My sisters and I would go by train to visit her in the summers of our childhood, and stay for some weeks. Truly, I don’t know just how long we stayed, but in my consciousness those visits are huge, even if they were only a fraction of total hours and days.

The long and quiet days on our farm, where I wandered along the river nearby or read books by the hour, were certainly just as formative, but the events during those summer vacations with our mother’s mother made a more noticeable impression for two reasons I can figure out.

The first is the common one, that when you are in a new and different place, your mind is stimulated to remember a larger portion of the sensory information it receives. I’ve had this experience on other vacations my whole life. And my grandmother was a very different person from my mother. Her town, her house, the climate, were like another world for me.

From the window of our bedroom in that world we looked out at night on the Bay, the bridges all lit up, beacon lights always scrolling the sky from somewhere down below and dissolving into the darkness above; street lights, skyscraper lights, traffic. There was so much happening. At home, if you’d looked outside at night, you’d see: nothing. It was pitch black, and no sound but the dogs’ breathing.

A kitchen is another world–or universe. Grandma rarely used frozen vegetables, but sat us girls at the kitchen table to string beans or shell peas. Grandpa was at another table cracking walnuts. We would drive an hour east to buy boxes of apricots from the farm, of the sort that are so juicy and yummy they don’t ship well. Grandma used real butter, whereas we were used to margarine, because it was cheaper. Lamb chops belonged only to her world; as a child I never knew them elsewhere.

Food differences bring me to the other reason for my piquant memories: my nose. Back home, the atmosphere was permeated with the smoke from my mother’s cigarettes, and I think it deadened my olfactory receptors. When they got a respite from the fumes, they woke up and flooded my brain with news of the aromatic world. I can still bring her to mind in all her loving dedication just by thinking of Palmolive soap, the smell of the tiny backyard lawn when the sun shined on it, and the face cream she would smooth on her ever-silky skin at night.Grandma died, 103 years old, the year that my eldest child married. She passed her behind-the-wheel driving test when she was 100 so that she could renew her license, the same year she visited the house she was born in and had this picture taken.

As I said in a rhyme to her at one of her birthdays, “I’d like to write a book of her life…” She was the most important person in my life for a long time, and there are many other aspects of her long stay on the earth that make a good story.

Today is her birthday, and I only want to post this small bit. And as delicious smells are so often linked to her sweet memory, I will also share with you a bush that didn’t grow in her yard, but does grow in mine: osmanthus, or sweet olive. When it blooms several times a year, a few feet from our front door, the fragrance is like dew from a benevolent Heaven, or incense in church. I know God loves me, when I walk out the door and that smell greets me.

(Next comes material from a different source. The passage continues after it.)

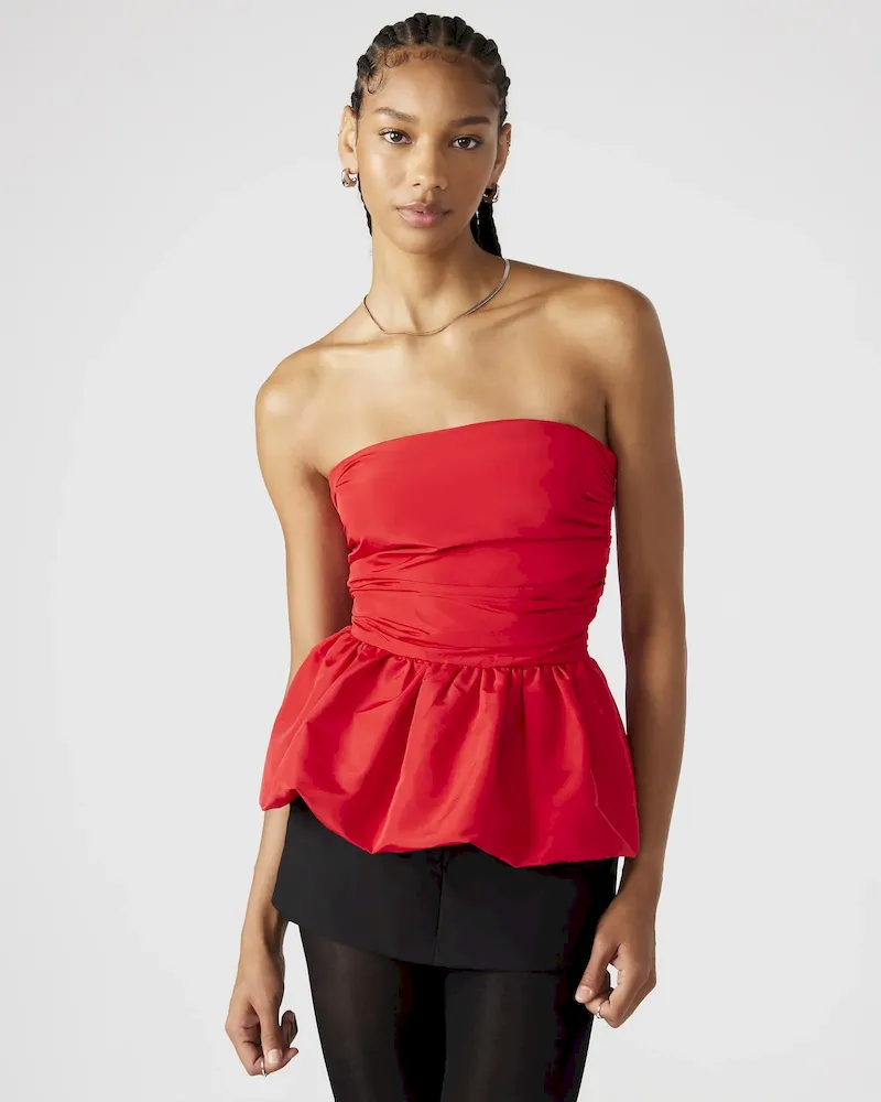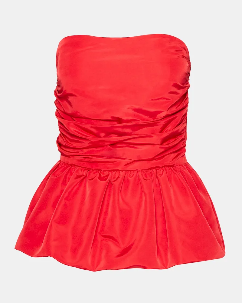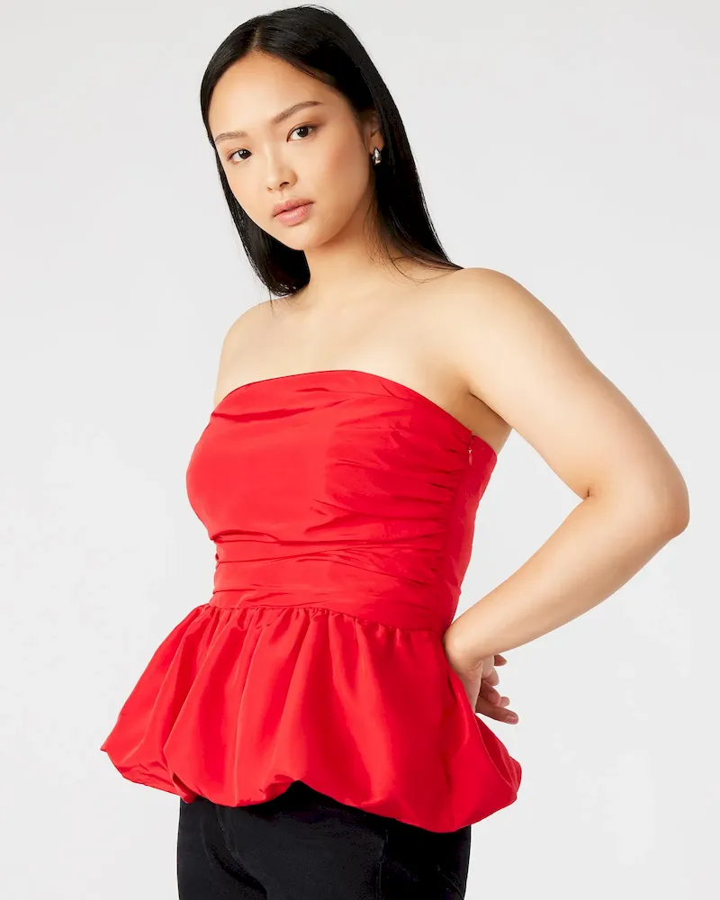 Elevate your style with our AMARI top. This top features a strapless design and bubble-hem taffeta design, it is both chic and comfortable. Perfect for any occasion, it will add a touch of sophistication to your wardrobe.
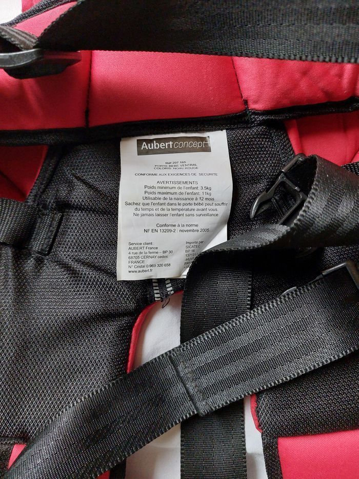 Porte bébé Aubert concept Dès la naissance ; pour de 3.5 à 11kg Noir et rouge Très bon état

There’s nothing flashy about the flowers visually. They are so tiny, I never notice them until they announce their bloom by their perfume. When I first caught that scent on the air, it wasn’t coming from this bush, which had just been planted, but was on a path in our neighborhood. I said to the children, “Ooooh, someone is baking an apricot pie!” Funny thing was, a few days later they were baking pies again. Eventually I located the source of the fruity smell and realized that we also had it growing by our house.

 

I’m pretty sure the osmanthus is blooming this week in honor of Grandma’s birthday.